British Comedy Guide

Comedy phrases you use round the house.

Feels like a thread that has already been started - but if it hasn't , it should be.
I'm talking about phrases, words etc that you use in everyday conversation, with the family etc that are sourced from comedy.
I don't mean impersonations or exclamation - like shouting "AhHa!" or "Yeah but, no but, yeah but" or "Doh!"
I mean stuff that has been absorbed into your own common parlance.
I'll start.

Like many people, I'm sure, a thin slice of anything is always referred to as Waffer Thin"
The internet is regularly called The Ilfracombe
A horrible noise, or any sort of unpleasantness is described as most discordant
(There's a lot of Count Arthur for some reason)
Similarly with "There was no fruit" when talking about the past and pronouncing satsuma Satsyooma
If my wife wants to know what we're watching on the box she will ask what I am proposing for the televisual feast
I also whistle the middle-eight from" Somewhere Over the Rainbow" in the manner of Richard Briers - but I'm not sure that counts.

I'm sure there's others - but that'll do for now.

Not quite the same (not a comedy phrase or at home) but at work we have files , 1A, 1B, 2A and 2B and EVERY TIME - yes EVERY TIME I use 2B I find myself saying 2B or not 2B.

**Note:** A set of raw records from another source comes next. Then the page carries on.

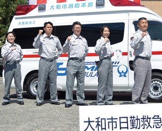 大和市消防本部(中丸剛仁消防長)は4月1日、高まる救急需要に対応するため「日勤救急隊」を創設した。4日には同本部内消防防災訓練センター前で発足式を開いた。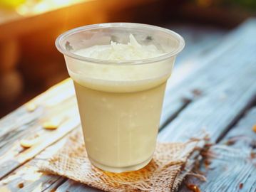 Coconut Milk base, Mango, Pineapple ribbons, Toasted Coconut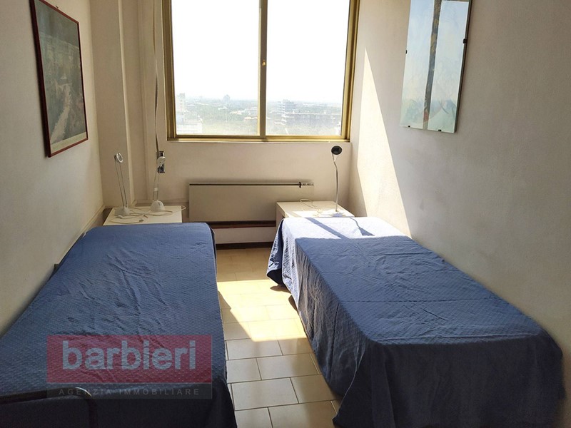 Affittiamo a Milano Marittima, a pochissimi passi dal mare, appartamento al 11° piano con ascensore e vista mare composto da: soggiorno con angolo cottura, una camera matrimoniale con un letto singolo aggiunto, una camera doppia e bagno con doccia.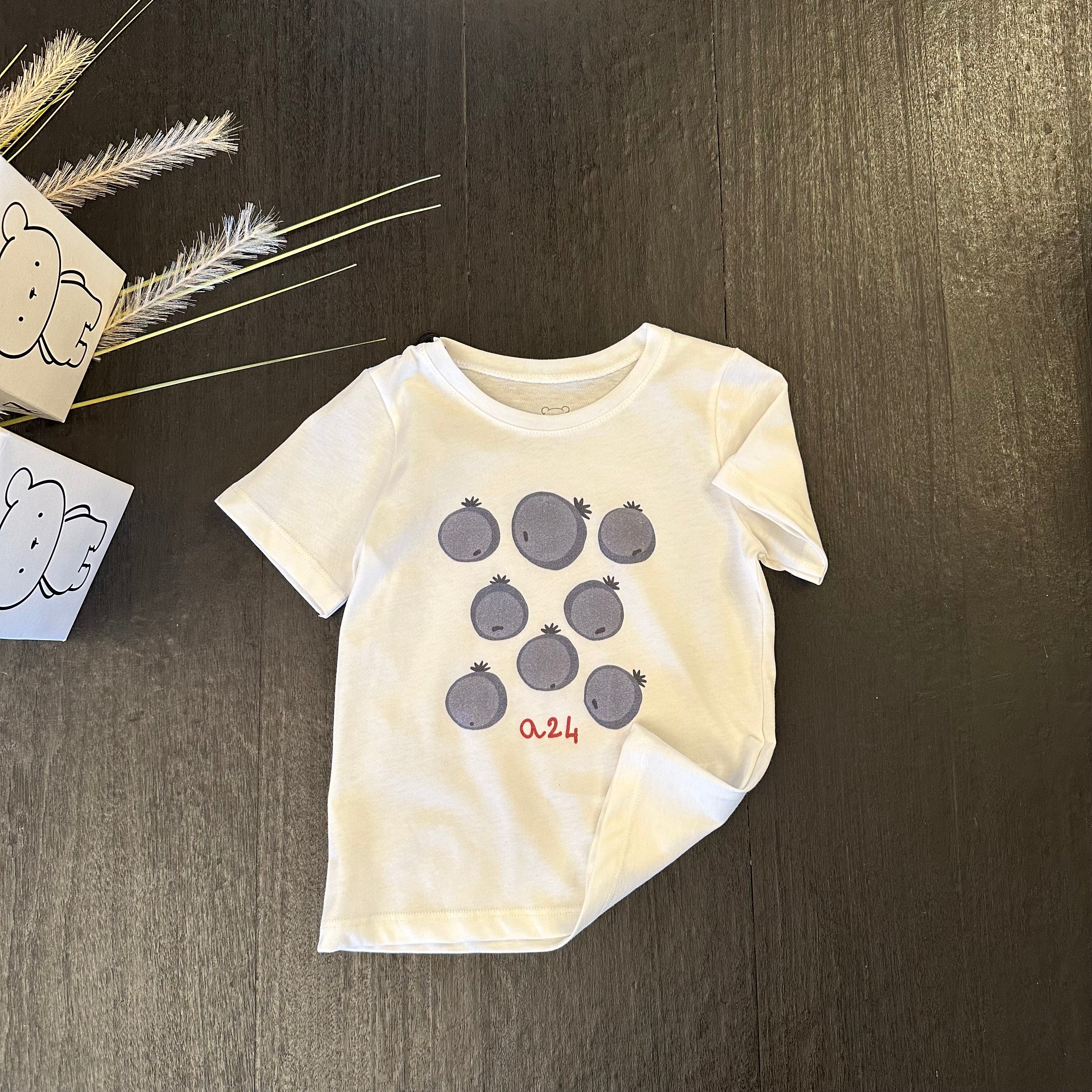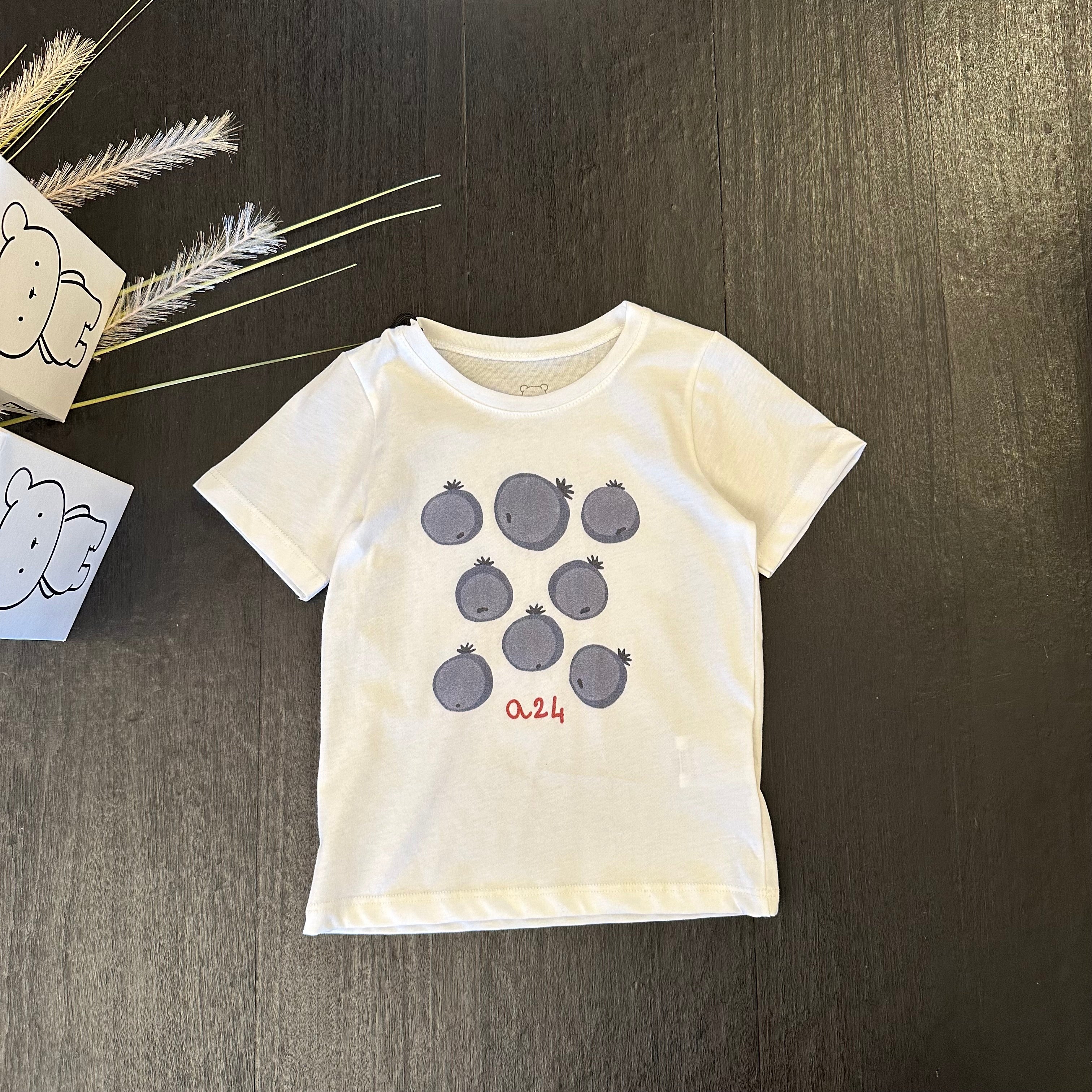 T-shirt in jersey di cotone con mirtilli – Freschezza e dolcezza in un capo unico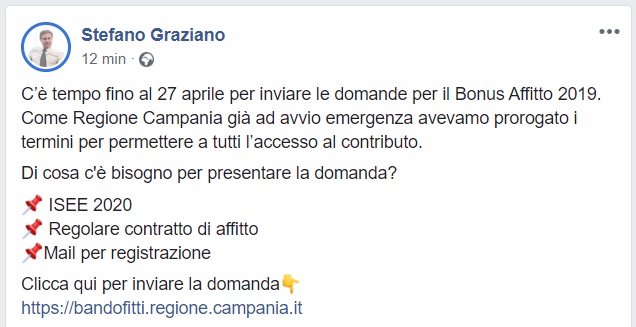 Questo quanto comunicato dall'On. Graziano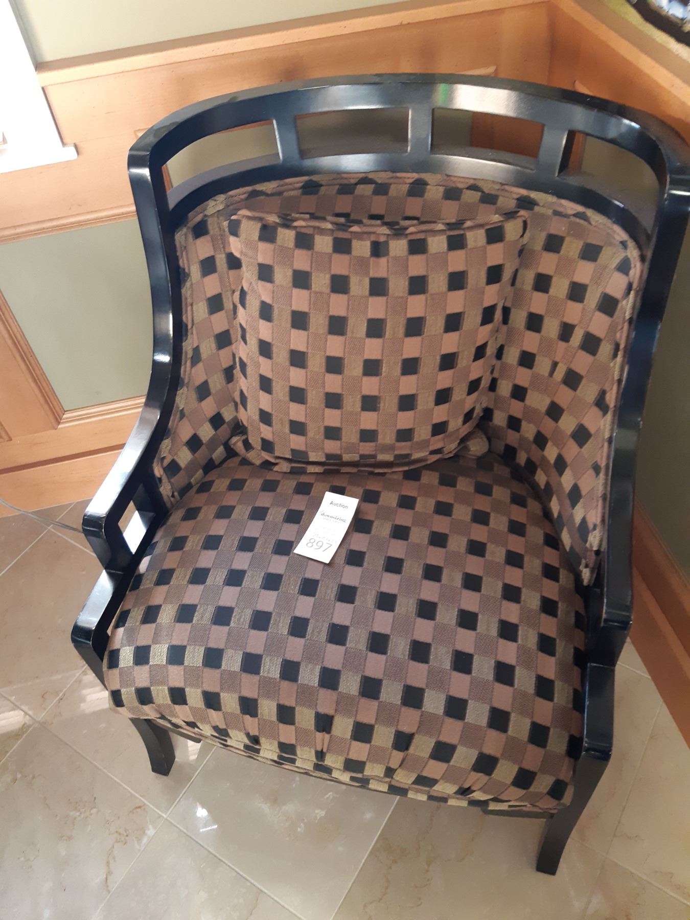 Rounded black chair with checkered coloured fabric 26x29x33 Pickup at 11:00 am

When my neighbours discuss their bloody ubiquitous loft extensions I often want to reply "I want my loft to convert to Judaism instead."

"I stand corrected [said the man in the built up shoe.]"

When I'm making jelly for my son I often sing "I don't think you're ready for my jelly." Also, food related - "let's get ready to crumble - let us wreck the Mike, let us wreck the Mike, let us wreck the Mike - psych!"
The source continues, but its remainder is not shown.